Published 17 Dec 2021 in cond-mat.mes-hall | (2112.09392v2)

Abstract: Lifshitz transition is a kind of topological phase transition in which the Fermi surface is reconstructed. It can occur in the two-dimensional (2D) tilted Dirac materials when the energy bands change between the type-I phase ($0<t\<1$) and the type-II phase ($t\>1$) through the type-III phase ($t=1$), where different tilts are parametrized by the values of $t$. In order to characterize the Lifshitz transition therein, we theoretically investigate the longitudinal optical conductivities (LOCs) in type-I, type-II, and type-III Dirac materials within linear response theory. In the undoped case, the LOCs are constants either independent of the tilt parameter in both type-I and type-III phases or determined by the tilt parameter in the type-II phase. In the doped case, the LOCs are anisotropic and possess two critical frequencies determined by $\omega=\omega_1(t)$ and $\omega=\omega_2(t)$, which are also confirmed by the joint density of state.
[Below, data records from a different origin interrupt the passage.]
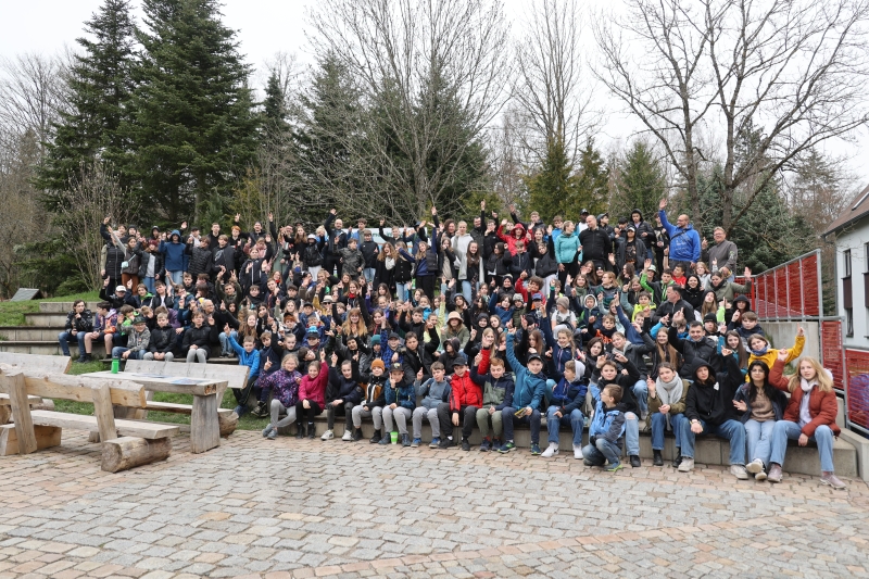 30.04.2023 - Am Freitag ging es nach dem Frühstück und der Zimmerabnahme mit den Bussen zurück zur Schule. Schnell wurde noch ein Gruppenfoto der 7 Klassen gemacht.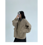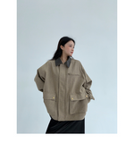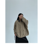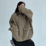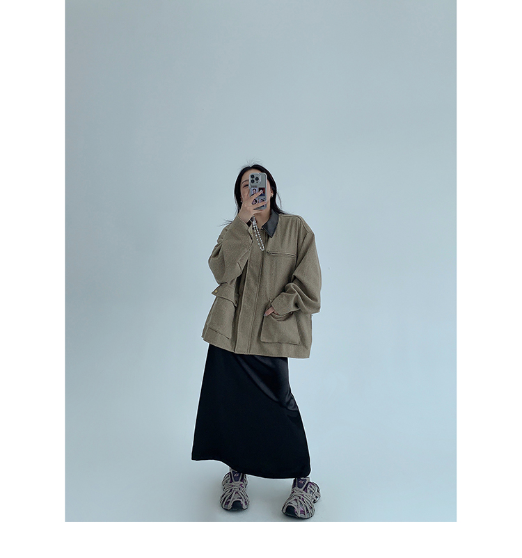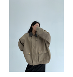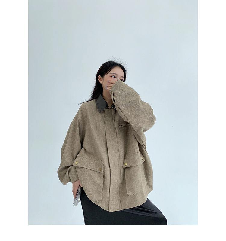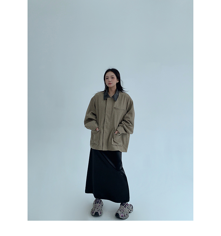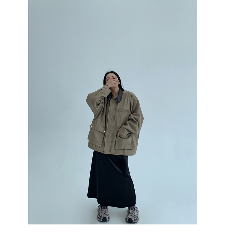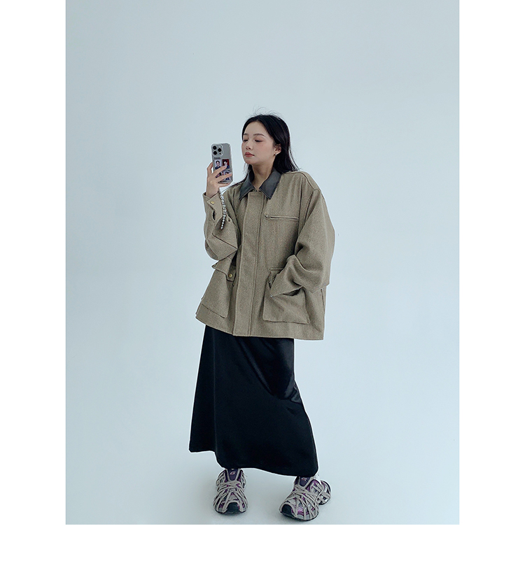襟の異素材切り替えがお洒落な、ヴィンテージライクなブルゾン。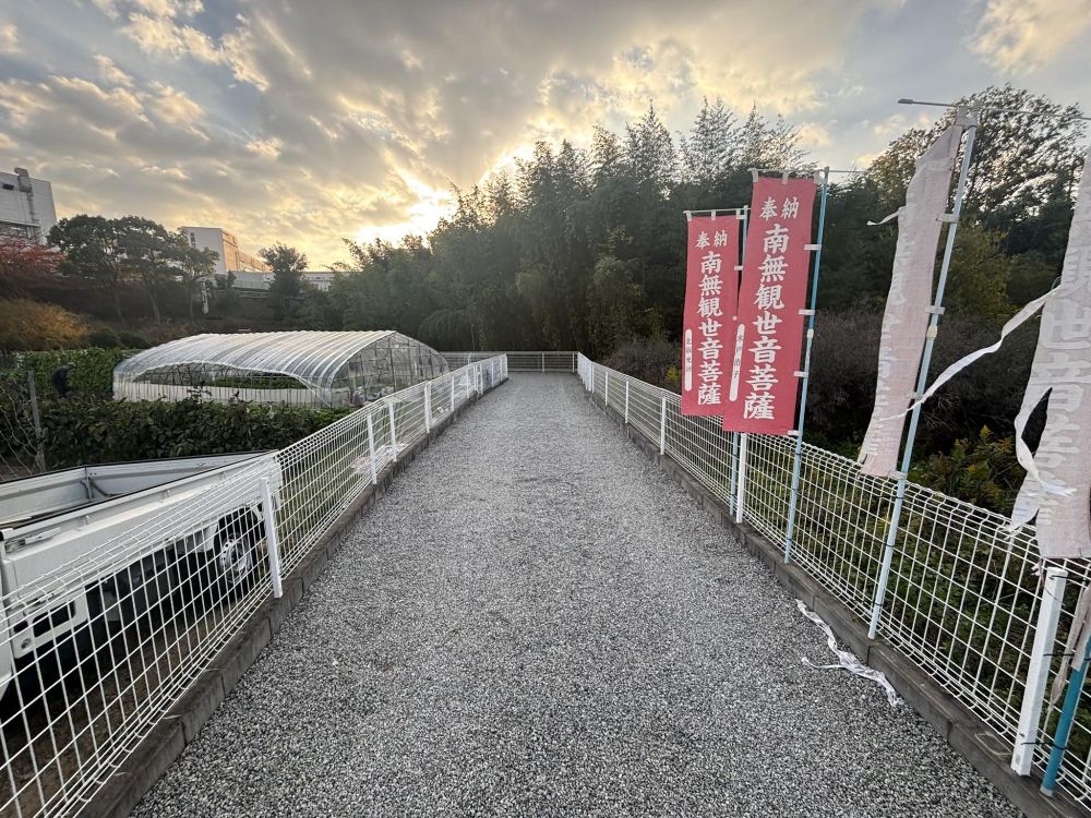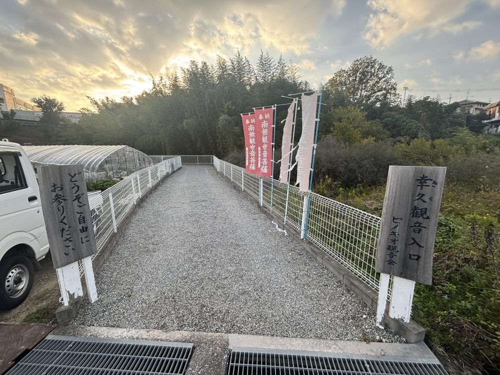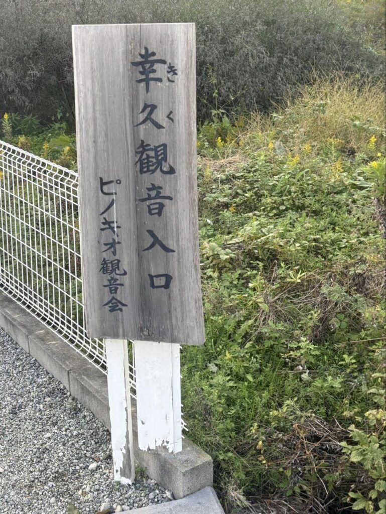 「幸久(きく)観音入口」という名前です。下にはピノキオ観音会と書いてあります。調べてみると、堺市中区深井に本部がある宗教法人で、1982(昭和57)年から十一面観世音菩薩を安置。観音菩薩に手を合わせる方が集う場所とのこと。完全予約制で相談にも応じているそうです。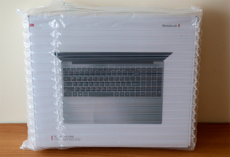 Коробка с ноутбуком. На коробке содержится гордая надпись: "Сделай первый шаг в будущее". Если они под будущим подразумевают покупку дешевого ноутбука - ну, я не знаю: по-моему, с их стороны это как-то очень самонадеянно.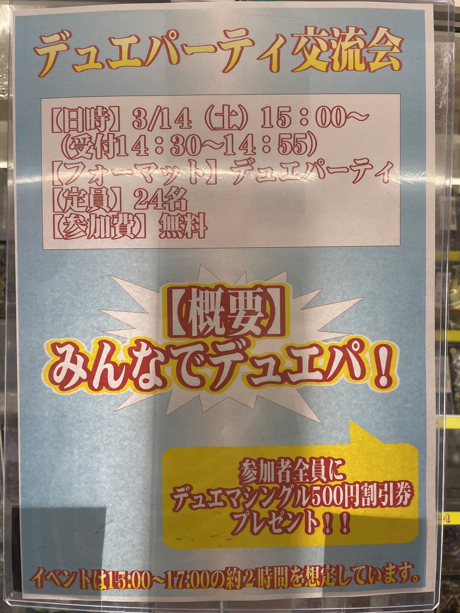 本日デュエパ交流会開催です❗️ たくさんのご参加お待ちしております🙇♂️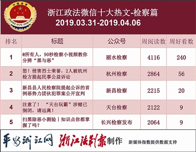 本期检察院热文榜中,“丽水检察”的《@所有人,90秒检察小视频教你分辨“黑与恶”》一文,阅读数和在看数均居第一。多才多艺的检察官通过幽默诙谐的小视频向大家讲述了扫黑除恶的小知识,接地气!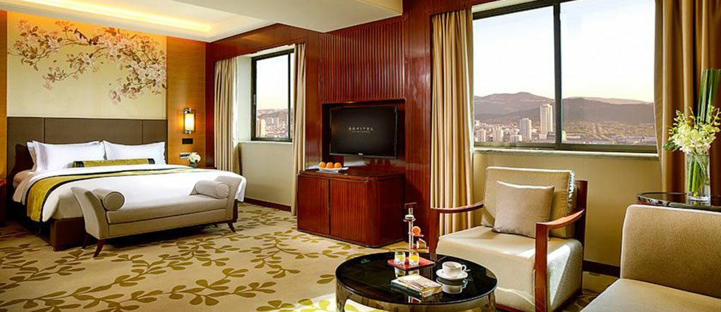 济南索菲特银座大饭店豪华客房,分为双床房和单床房;温馨高雅的城市景观房,38平方米,拥有融合中式元素的时尚风格设计,配备索菲特MyBed特大床、液晶电视、迷你酒吧、免费无线网络和宽带上网以及保险箱。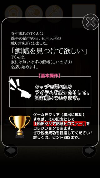 隠された鯉のぼりを探し出す、オーソドックスな脱出ゲーム。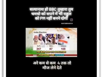 सोशल मीडिया यूजर्संच्या मते हा बीबीसीचा एक्झिट पोल आहे. व्हिडीओवर लिहिले आहे की, “सत्यानाश बीबीसी तुमच्या स्वप्नातही राहुल'ला पंतप्रधान होऊ देणार नाहीत, किमान ४ तारखेपर्यंत तरी एन्जॉय करू दिले असते'. असं या पोस्टमध्ये लिहिले आहे.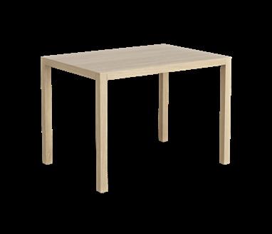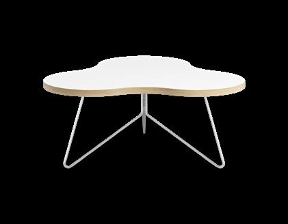 Table in white laminate with oak or birch edging. Steel stand in white or chrome.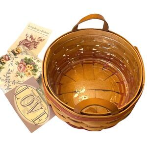 Longaberger 1995 MOTHERS DAY BASKET Of Love + Mother's Day Floral LINER & Plastic PROTECTOR Leather Handles - Made In The USA - NEW Condition With Mother's Day Of Love And Care Cards!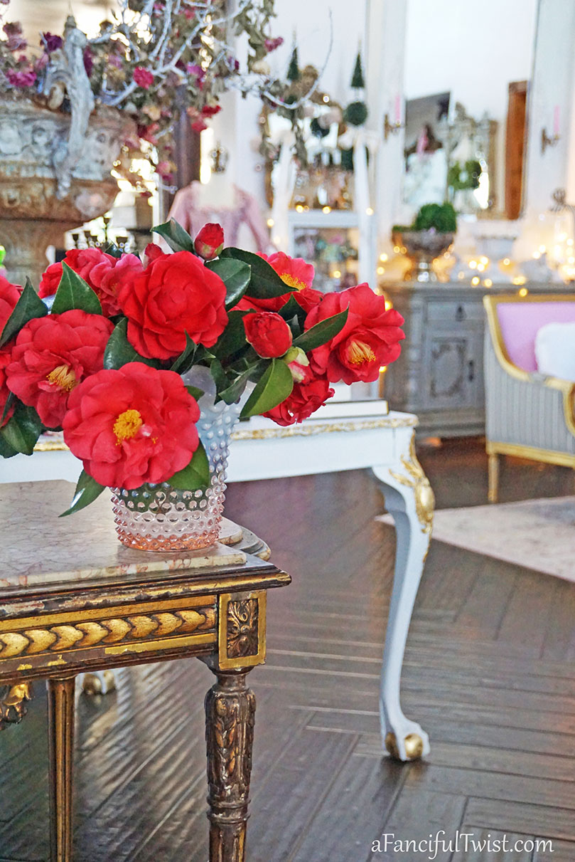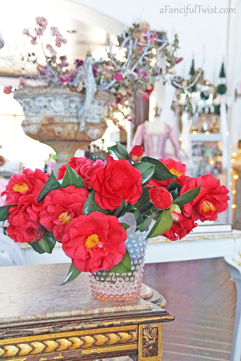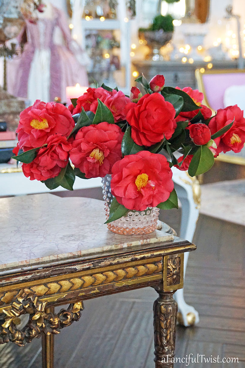 I brought a bunch of camellias inside, and then could not decide which photos to share as I took so many.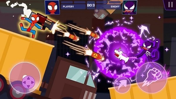 2、用户在游戏里扮演蜘蛛火柴人,利用自己的各种技术,轻松打败眼前的敌人。

The tilt parameter and chemical potential can be extracted from optical experiments by measuring the positions of these two critical boundaries and their separation $\Delta\omega(t)=\omega_2(t)-\omega_1(t)$. With increasing the tilting, the separation becomes larger in the type-I phase whereas smaller in the type-II phase. The LOCs in the regime of large photon energy are exactly the same as that in the undoped case. The type of 2D tilted Dirac bands can be determined by the asymptotic background values, critical boundaries and their separation in the LOCs. These can therefore be taken as signatures of Lifshitz transition therein. The results of this work are expected to be qualitatively valid for a large number of 2D tilted Dirac materials, such as 8-\emph{Pmmn} borophene monolayer, $\alpha$-SnS$_2$, TaCoTe$_2$, TaIrTe$_4$, and $1T\prime$ transition metal dichalcogenides, due to the underlying intrinsic similarities of 2D tilted Dirac bands.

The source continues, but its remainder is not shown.